### What is needed
Only the lines below from the one that holds "Ajándékozz érzelmeket gyönyörű" through the one that holds "Multi-Textured Fun: The" should appear in the answer, copied exactly, end lines included and pictures omitted.

(Exercise data)

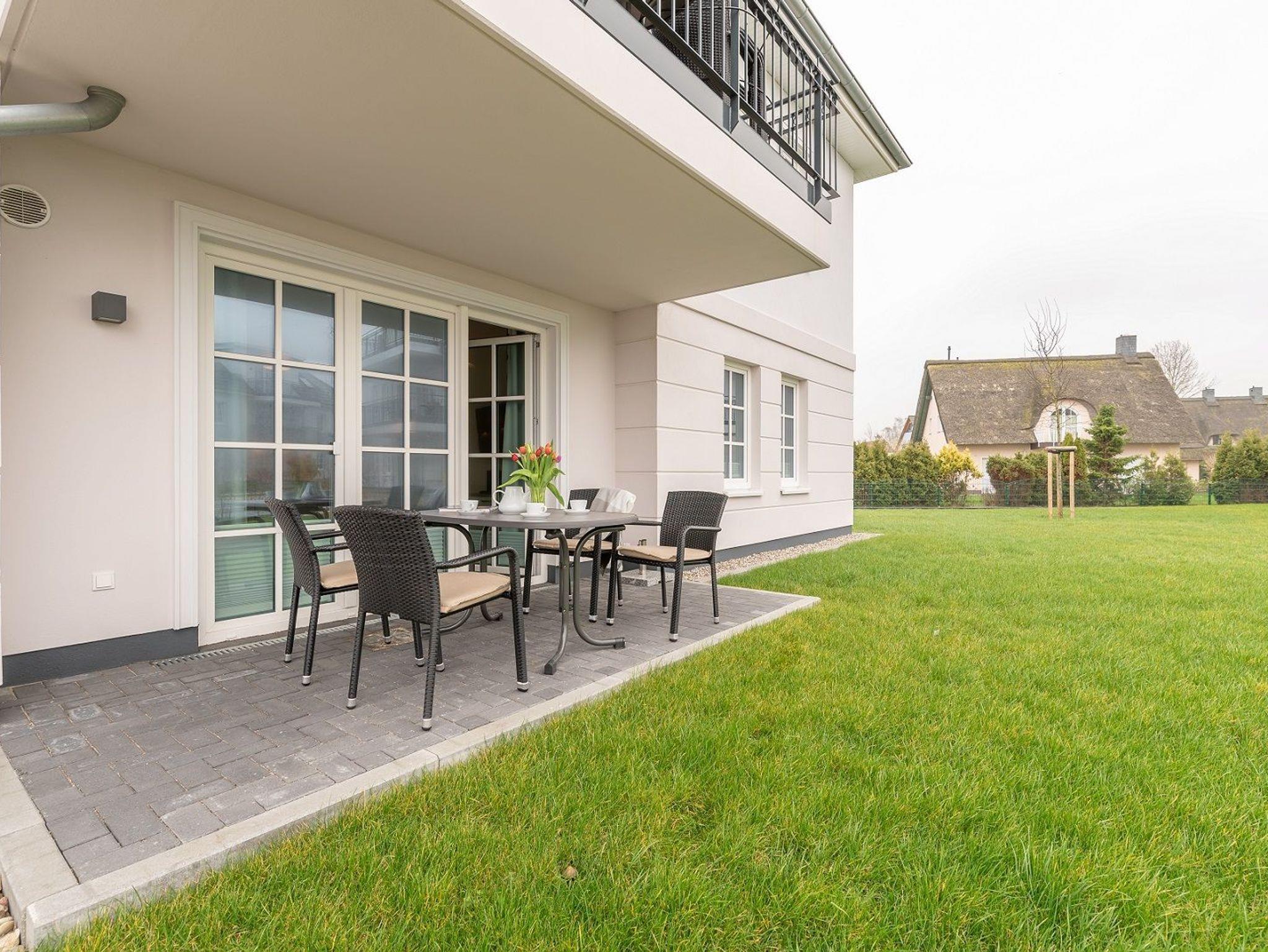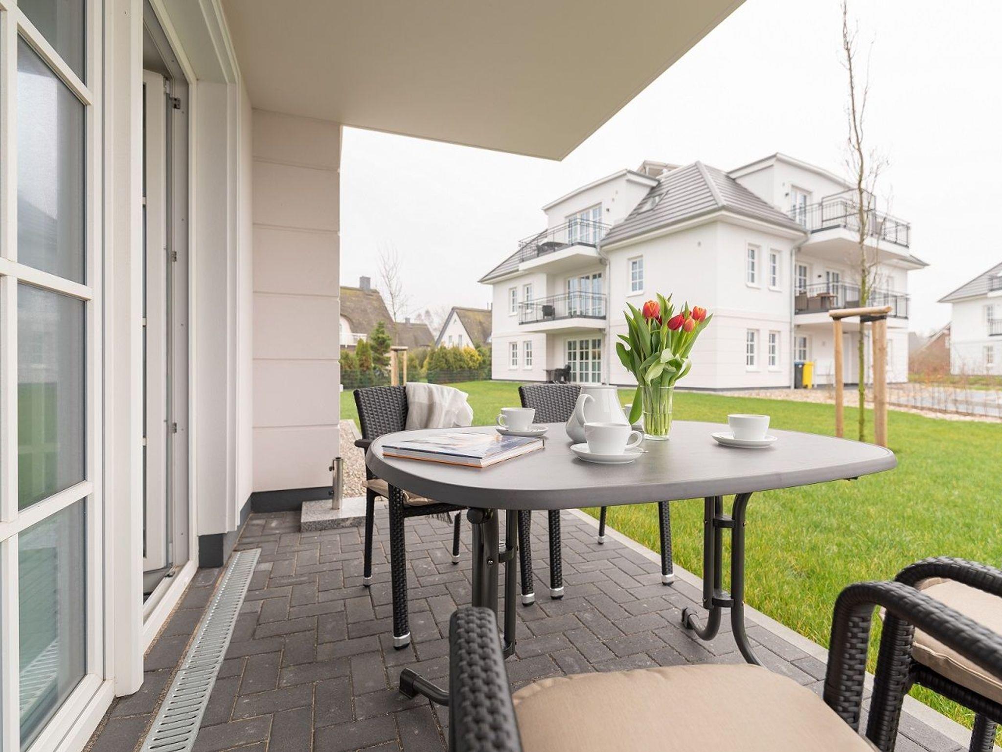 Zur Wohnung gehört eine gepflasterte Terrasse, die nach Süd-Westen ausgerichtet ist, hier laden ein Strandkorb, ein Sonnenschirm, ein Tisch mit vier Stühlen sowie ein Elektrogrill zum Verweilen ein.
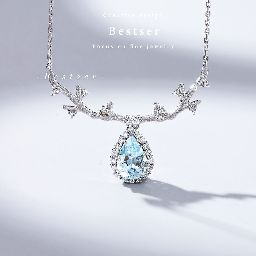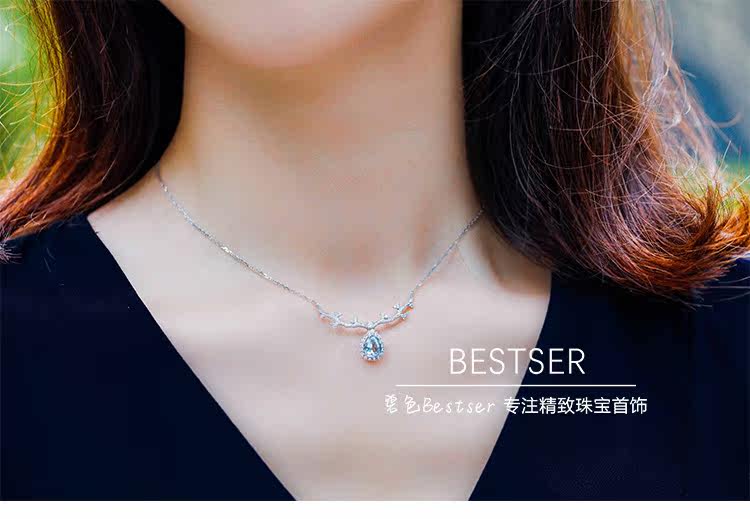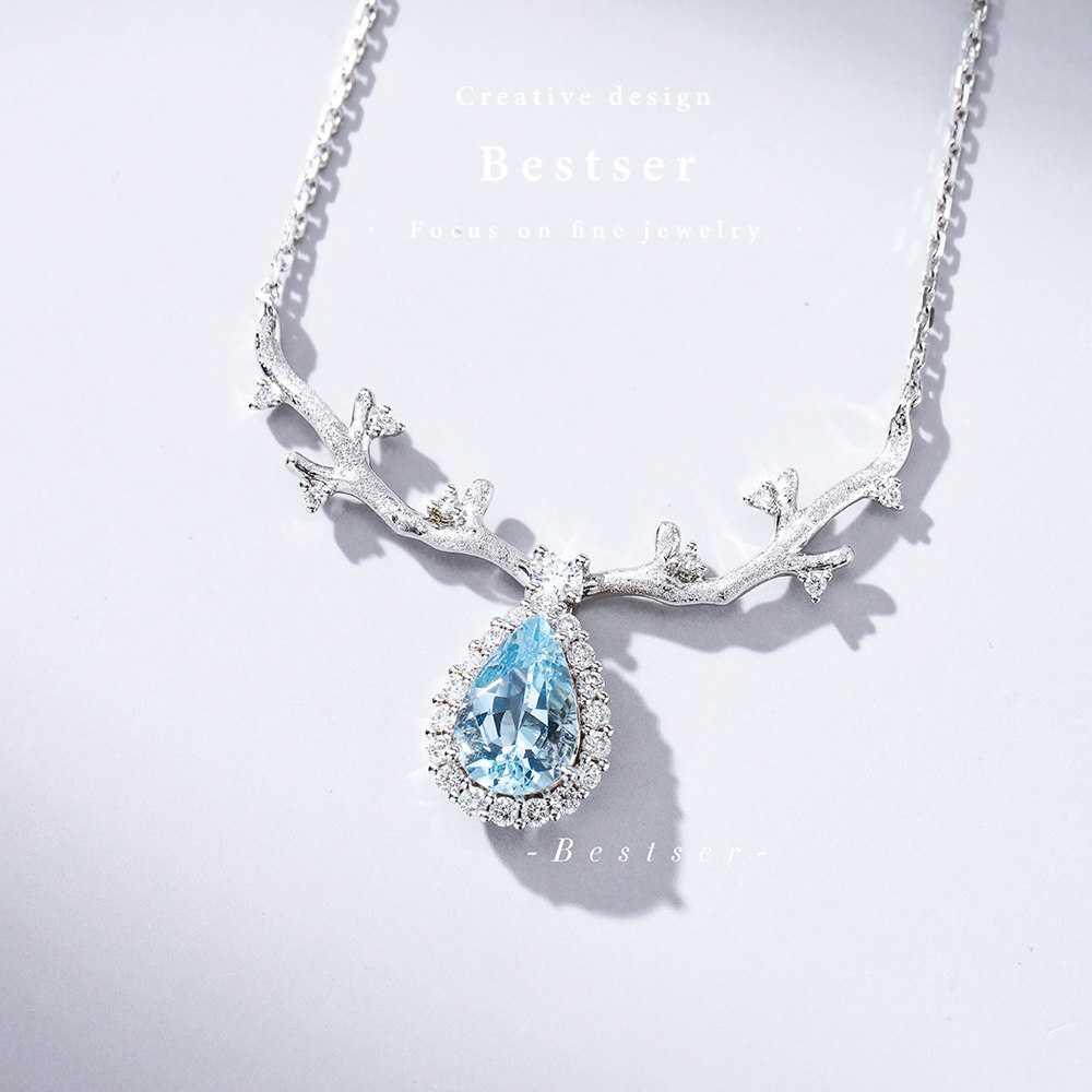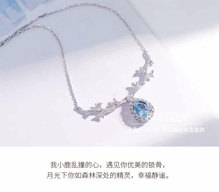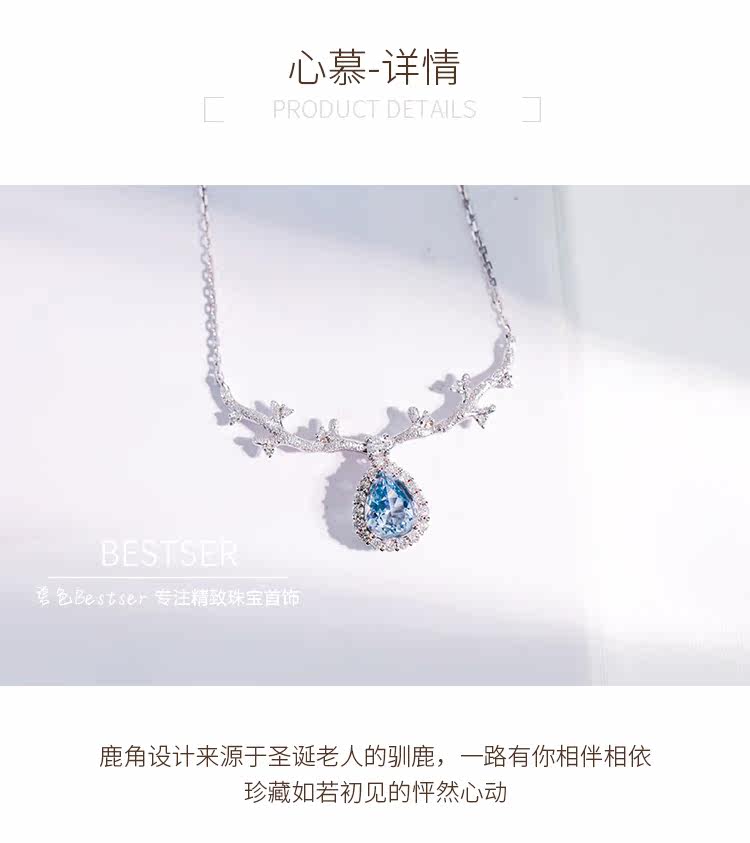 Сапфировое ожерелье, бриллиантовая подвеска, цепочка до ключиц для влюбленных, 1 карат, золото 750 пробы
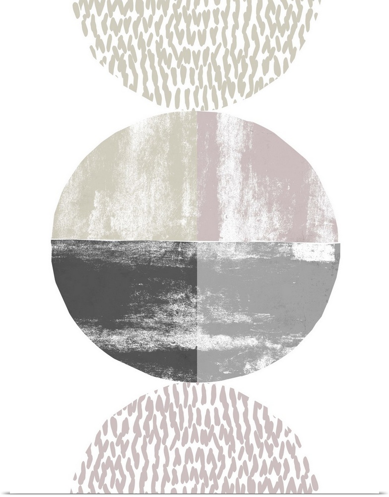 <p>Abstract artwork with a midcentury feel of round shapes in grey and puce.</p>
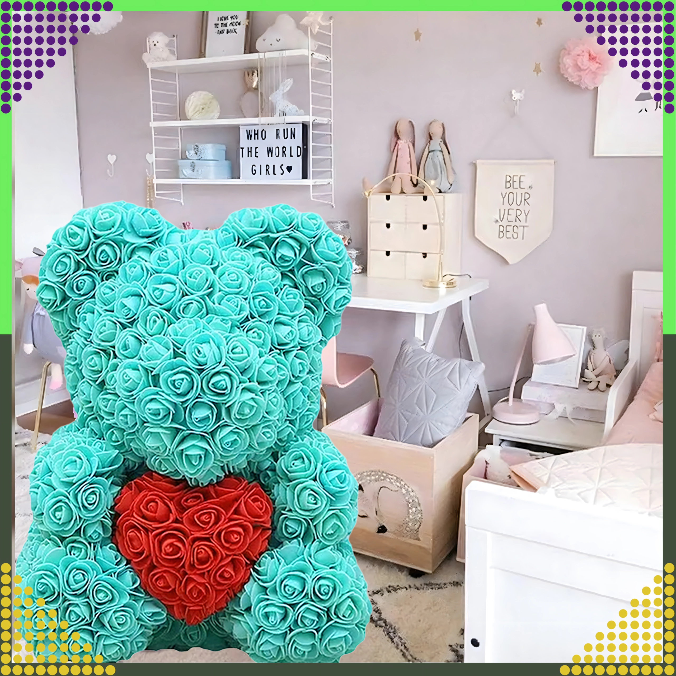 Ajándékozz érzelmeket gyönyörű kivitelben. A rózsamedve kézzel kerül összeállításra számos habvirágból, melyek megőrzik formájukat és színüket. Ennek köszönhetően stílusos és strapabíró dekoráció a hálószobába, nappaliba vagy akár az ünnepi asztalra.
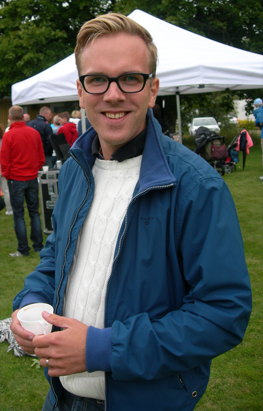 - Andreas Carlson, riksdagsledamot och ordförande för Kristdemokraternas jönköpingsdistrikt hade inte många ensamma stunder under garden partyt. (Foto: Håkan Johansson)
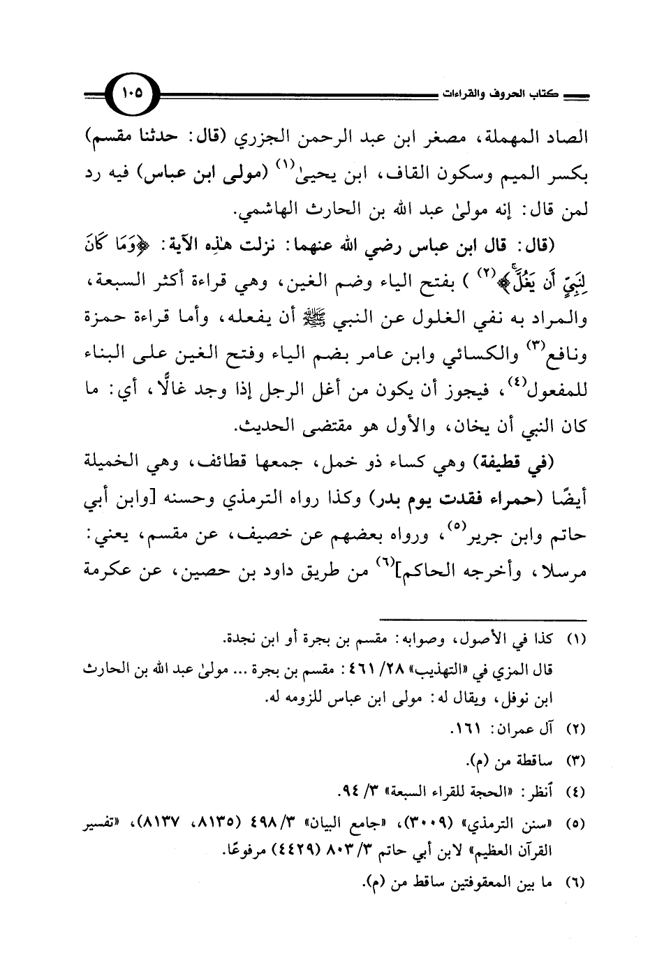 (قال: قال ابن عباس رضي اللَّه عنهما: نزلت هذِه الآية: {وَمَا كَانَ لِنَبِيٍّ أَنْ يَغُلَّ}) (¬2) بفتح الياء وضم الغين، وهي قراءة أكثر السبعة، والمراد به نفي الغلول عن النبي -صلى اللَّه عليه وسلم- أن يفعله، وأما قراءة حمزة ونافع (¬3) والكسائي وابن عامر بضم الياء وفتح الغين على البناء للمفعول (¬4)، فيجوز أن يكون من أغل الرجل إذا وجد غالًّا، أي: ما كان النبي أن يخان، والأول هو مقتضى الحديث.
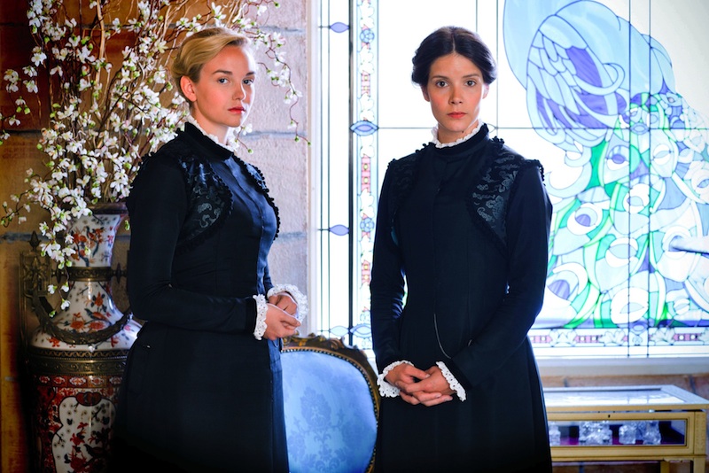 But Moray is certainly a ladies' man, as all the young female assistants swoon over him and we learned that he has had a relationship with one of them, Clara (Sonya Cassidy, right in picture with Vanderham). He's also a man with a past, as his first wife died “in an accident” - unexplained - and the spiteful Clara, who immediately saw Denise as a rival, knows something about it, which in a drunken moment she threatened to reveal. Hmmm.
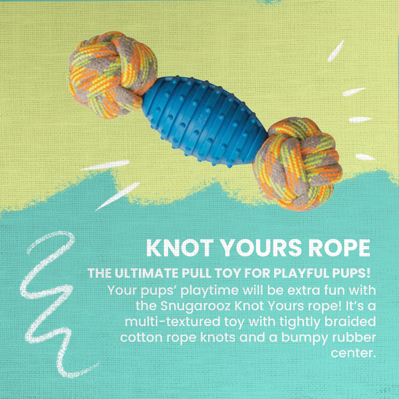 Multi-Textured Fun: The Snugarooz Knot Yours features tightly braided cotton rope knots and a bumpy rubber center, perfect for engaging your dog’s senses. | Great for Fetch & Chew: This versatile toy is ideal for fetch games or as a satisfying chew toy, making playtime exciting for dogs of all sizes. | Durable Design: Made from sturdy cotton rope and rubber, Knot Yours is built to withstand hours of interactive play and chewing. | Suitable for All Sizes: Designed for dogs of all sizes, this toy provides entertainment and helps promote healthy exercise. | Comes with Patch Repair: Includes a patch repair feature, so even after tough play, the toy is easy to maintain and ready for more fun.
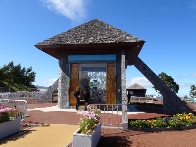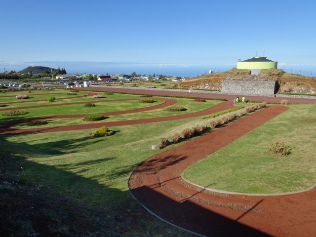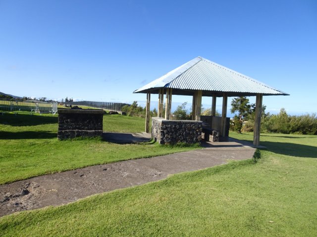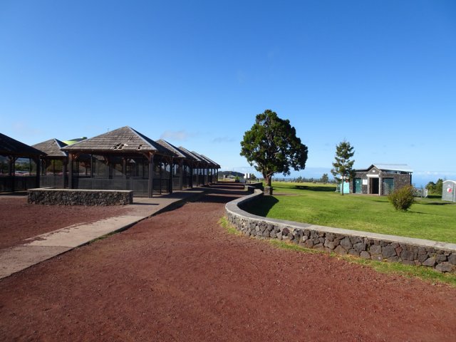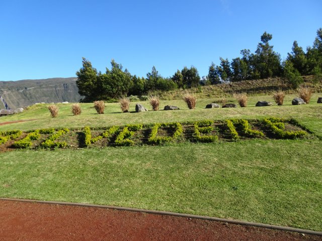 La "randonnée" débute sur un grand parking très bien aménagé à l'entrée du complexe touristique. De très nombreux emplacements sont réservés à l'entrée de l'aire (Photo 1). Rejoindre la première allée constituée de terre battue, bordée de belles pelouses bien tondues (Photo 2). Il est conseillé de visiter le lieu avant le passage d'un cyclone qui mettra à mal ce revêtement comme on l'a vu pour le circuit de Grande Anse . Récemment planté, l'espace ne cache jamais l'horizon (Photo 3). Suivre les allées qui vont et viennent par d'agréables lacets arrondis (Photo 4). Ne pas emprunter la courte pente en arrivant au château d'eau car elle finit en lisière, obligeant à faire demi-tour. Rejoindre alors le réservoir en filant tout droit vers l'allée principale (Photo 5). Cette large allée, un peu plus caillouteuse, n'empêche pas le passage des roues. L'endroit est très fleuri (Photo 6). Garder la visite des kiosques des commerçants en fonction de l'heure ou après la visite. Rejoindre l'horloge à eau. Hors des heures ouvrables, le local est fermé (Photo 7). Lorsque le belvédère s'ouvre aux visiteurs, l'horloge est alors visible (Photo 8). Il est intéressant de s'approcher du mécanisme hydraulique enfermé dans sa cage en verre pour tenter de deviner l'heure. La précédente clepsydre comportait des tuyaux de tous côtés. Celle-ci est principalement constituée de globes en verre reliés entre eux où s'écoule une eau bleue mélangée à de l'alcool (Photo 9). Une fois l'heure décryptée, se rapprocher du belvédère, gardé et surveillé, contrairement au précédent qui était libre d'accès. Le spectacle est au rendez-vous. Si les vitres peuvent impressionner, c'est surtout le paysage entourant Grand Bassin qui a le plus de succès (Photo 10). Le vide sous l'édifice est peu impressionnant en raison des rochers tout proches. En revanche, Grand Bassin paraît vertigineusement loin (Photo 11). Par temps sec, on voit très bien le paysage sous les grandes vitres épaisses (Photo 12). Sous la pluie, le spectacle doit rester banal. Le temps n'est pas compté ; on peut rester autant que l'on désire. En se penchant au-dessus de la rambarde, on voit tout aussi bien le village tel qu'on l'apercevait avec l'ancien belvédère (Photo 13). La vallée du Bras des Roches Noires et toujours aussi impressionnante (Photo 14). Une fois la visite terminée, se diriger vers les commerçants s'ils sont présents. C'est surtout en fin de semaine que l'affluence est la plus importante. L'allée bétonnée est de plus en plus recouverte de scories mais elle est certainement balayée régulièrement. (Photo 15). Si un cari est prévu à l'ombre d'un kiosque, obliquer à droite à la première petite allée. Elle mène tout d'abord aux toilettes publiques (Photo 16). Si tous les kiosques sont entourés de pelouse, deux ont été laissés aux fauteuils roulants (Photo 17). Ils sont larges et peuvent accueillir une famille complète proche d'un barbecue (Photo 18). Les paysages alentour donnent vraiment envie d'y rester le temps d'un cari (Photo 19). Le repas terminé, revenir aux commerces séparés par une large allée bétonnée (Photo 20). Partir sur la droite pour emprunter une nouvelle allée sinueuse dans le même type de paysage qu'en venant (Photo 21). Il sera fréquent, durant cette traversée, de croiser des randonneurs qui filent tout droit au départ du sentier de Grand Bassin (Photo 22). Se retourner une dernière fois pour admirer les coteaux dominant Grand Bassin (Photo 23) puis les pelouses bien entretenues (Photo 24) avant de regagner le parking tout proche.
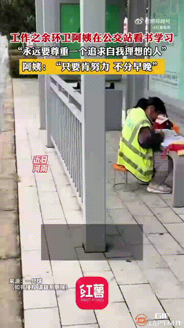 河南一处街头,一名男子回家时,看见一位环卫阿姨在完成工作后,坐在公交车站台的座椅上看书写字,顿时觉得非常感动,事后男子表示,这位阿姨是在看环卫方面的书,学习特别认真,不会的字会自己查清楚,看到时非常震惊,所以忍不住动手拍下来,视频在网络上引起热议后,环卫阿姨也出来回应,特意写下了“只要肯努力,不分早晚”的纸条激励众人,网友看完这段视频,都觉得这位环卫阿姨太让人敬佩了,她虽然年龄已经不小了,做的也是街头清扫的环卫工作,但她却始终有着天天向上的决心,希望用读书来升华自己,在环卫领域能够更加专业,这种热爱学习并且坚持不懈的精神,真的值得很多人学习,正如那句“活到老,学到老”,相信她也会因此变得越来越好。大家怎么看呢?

(End Exercise data)

### The answer
 Ajándékozz érzelmeket gyönyörű kivitelben. A rózsamedve kézzel kerül összeállításra számos habvirágból, melyek megőrzik formájukat és színüket. Ennek köszönhetően stílusos és strapabíró dekoráció a hálószobába, nappaliba vagy akár az ünnepi asztalra.
 - Andreas Carlson, riksdagsledamot och ordförande för Kristdemokraternas jönköpingsdistrikt hade inte många ensamma stunder under garden partyt. (Foto: Håkan Johansson)
 (قال: قال ابن عباس رضي اللَّه عنهما: نزلت هذِه الآية: {وَمَا كَانَ لِنَبِيٍّ أَنْ يَغُلَّ}) (¬2) بفتح الياء وضم الغين، وهي قراءة أكثر السبعة، والمراد به نفي الغلول عن النبي -صلى اللَّه عليه وسلم- أن يفعله، وأما قراءة حمزة ونافع (¬3) والكسائي وابن عامر بضم الياء وفتح الغين على البناء للمفعول (¬4)، فيجوز أن يكون من أغل الرجل إذا وجد غالًّا، أي: ما كان النبي أن يخان، والأول هو مقتضى الحديث.
 But Moray is certainly a ladies' man, as all the young female assistants swoon over him and we learned that he has had a relationship with one of them, Clara (Sonya Cassidy, right in picture with Vanderham). He's also a man with a past, as his first wife died “in an accident” - unexplained - and the spiteful Clara, who immediately saw Denise as a rival, knows something about it, which in a drunken moment she threatened to reveal. Hmmm.
 Multi-Textured Fun: The Snugarooz Knot Yours features tightly braided cotton rope knots and a bumpy rubber center, perfect for engaging your dog’s senses. | Great for Fetch & Chew: This versatile toy is ideal for fetch games or as a satisfying chew toy, making playtime exciting for dogs of all sizes. | Durable Design: Made from sturdy cotton rope and rubber, Knot Yours is built to withstand hours of interactive play and chewing. | Suitable for All Sizes: Designed for dogs of all sizes, this toy provides entertainment and helps promote healthy exercise. | Comes with Patch Repair: Includes a patch repair feature, so even after tough play, the toy is easy to maintain and ready for more fun.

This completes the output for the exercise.